Now I just say this:  Christianity is my insurance policy.

If there really are a hundred ways to heaven, I’m good.

If there really is nothing after life, I’m still good.

If I never wreck the car, well hot dog.

If my mom’s right, if this God really does care about my petty superficialities, and is judgmental, who has the right to judge, I’m covered by the blood of the Lamb, a blanket policy that doesn’t expire till I stop paying.  And all I do (or all I should do anyway) isn’t in vain.

When the car’s totaled, there’s a replacement waiting for me.  When this body gives up the ghost, there’s another waiting.  Hopefully a better looking one.

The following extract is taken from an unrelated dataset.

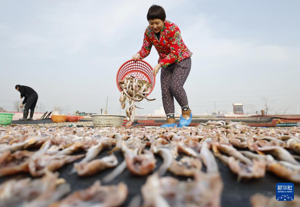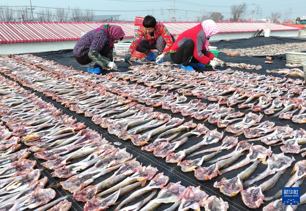 11月30日,河北省唐山市豐南區黑沿子鎮的漁民在晾曬魚干。

That’s what this was all about.  Why do I still believe what my mother always told me?  Why don’t I regulate the warts to a happy accident?  Why don’t I just reject the fear and live how I like?

Because I still live at home.

That’s not even a good enough reason for me.  It’s as if I didn’t choose to be a Christian, when I kind of did.

A slightly better reason is this:  my religion is my crutch.

I love when people get offended when people call the idea of God a crutch.  This, I think, is the very nature of human beings.  If you’re a Christian, you believe you are nothing without Jesus.  You accept the fact you need Him.  Yet, when someone calls it what it is, you don’t like it.

And the funny thing is, He wants us to come by our own free will.  Jesus says, “I love you.  I died for you.  I want you with Me.  But I won’t make you choose Me.” And you don’t have to.

The catch is, you won’t get very far without Him.

Adam’s curse is that we’re all born broken, all in need of something to hold us together in this life.  Jesus’s gift is the hope of being fixed one day, in the next life, repaired to the point of being unbreakable.

It’s like God wants us to have spiritual Stockholm Syndrome or something.

I wonder what a healthy view of God, religion, and Jesus is.  My question is constantly, why do I bother with Christianity?  I’m not a good Christian.  I have several book-related issues.  One, I like secular romance books and can’t stand Christian romance.  Two, I’m addicted to buying books (not addicted to buying romance books, though; just books in general).  I feel more for fictional people than I do for real people.  I’m certain if I read my Bible like I did novels, I’d be a Bible genius.  I’m apathetic and misanthropic in turns.  I’m self-centered (not selfish, but self-centered), and narcisstic.  I don’t have a bleeding heart.  I’m lazy and don’t care for the temple that’s supposed to be my body.  I’m judgmental and indecisive.  I focus on the wrong things.  I ask the wrong questions and question the wrong things.  “He knew all the wrong answers to the right questions and all the right answers to the wrong questions,” says Lloyd Alexander of Fflewddur Fflam in The Truthful Harp.  I always identified with him.

Despite all of that, I have hope I could be decent person someday.  And hope is a good thing, a good ideal.  And ideals don’t die.